Gary M. Hunninghake, MD, MPH, Diane R. Gold, MD, MPHCorresponding Author Informationemail address

Received 17 August 2009; accepted 18 August 2009.

Refers to article:
Phenotypic determinants of uncontrolled asthma , 10 August 2009
Valérie Siroux, Anne Boudier, Jean Bousquet, Jean-Louis Bresson, Jean-Luc Cracowski, Joane Ferran, Frédéric Gormand, Jocelyne Just, Nicole Le Moual, Sophie Morange, Rachel Nadif, Marie-Pierre Oryszczyn, Christophe Pison, Pierre Scheinmann, Raphaëlle Varraso, Daniel Vervloet, Isabelle Pin, Francine Kauffmann, Epidemiological Study on the Genetics and Environment of Asthma
The Journal of Allergy and Clinical Immunology
October 2009 (Vol. 124, Issue 4, Pages 681-687.e3)
Abstract | Full Text | Full-Text PDF (333 KB)

Article Outline

References

Copyright

Suboptimal asthma control was more prevalent among inhaled corticosteroid users, particularly females from a population of 501 adult subjects with asthma evaluated in a cross-sectional French study published in this issue of the Journal.1 Optimal asthma control was not achieved in the majority of study participants. Although this study has limitations, its results challenge us to review the potential sources of corticosteroid resistance and to examine the evidence for sexual dimorphism2 in steroid responsiveness for asthma and chronic obstructive pulmonary disease (COPD). Limitations of the study include potential confounding by indication, less well validated measures of asthma control, and potential disease misclassification. Subjects with asthma with more persistent or severe symptoms were more likely to be prescribed inhaled corticosteroids (confounding by indication). Classification of asthma control using Global Initiative for Asthma Guidelines3 may not be as well validated an approach as the Asthma Control Test, a tool discussed in the article by Schatz et al that also appears in this issue of the Journal.4 In addition, the higher prevalence of cough and phlegm in patients with poorly controlled asthma on inhaled corticosteroids suggests possible disease misclassification or overlap of asthma with COPD5 in this population. Finally, this study did not formally assess its participants for steroid resistance. One definition used for asthma research requires a <15% increment in the FEV1 (percent of predicted value) after 2 weeks of treatment with 40 mg oral prednisolone, despite demonstrating a >15% reversibility to an inhaled β2-agonist.6 This may be too limiting in evaluating change in FEV1, in that a steroid response may occur even if the response to β2-agonists is suboptimal. In the study by Siroux et al,1 variable participant compliance or dosage may have influenced symptom responsiveness.
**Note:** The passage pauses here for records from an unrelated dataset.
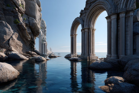 Ruins with grand arches stand next to calm waters, reflecting sunlight and surrounded by rocky cliffs.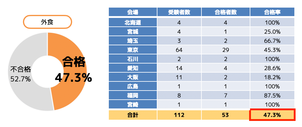 合格率(2024年度 外食業特定技能2号技能測定試験 第1回国内試験)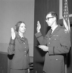 Jacksonville State University held Army ROTC commissioning ceremonies on April 22, 1977 in the Hugh Merrill Building Auditorium. Shown Marguerite Withrow receives the oath from her husband, 1st Lt. Randall Withrow, during her commissioning.

Nevertheless, most7, 8, 9, 10 but not all11 previous reports agree with the findings of this French study, suggesting that female subjects with asthma may derive less benefit from inhaled steroids. In the study by Siroux et al,1 the reduced response to inhaled corticosteroids in females may have been a result of biologic/molecular differences between the sexes, or unmeasured gender differences in the technique of administration of inhalers,12 medication compliance,13 treatment of women by physicians, stress,14 home allergens, smoke exposure, and/or home cooking exposures.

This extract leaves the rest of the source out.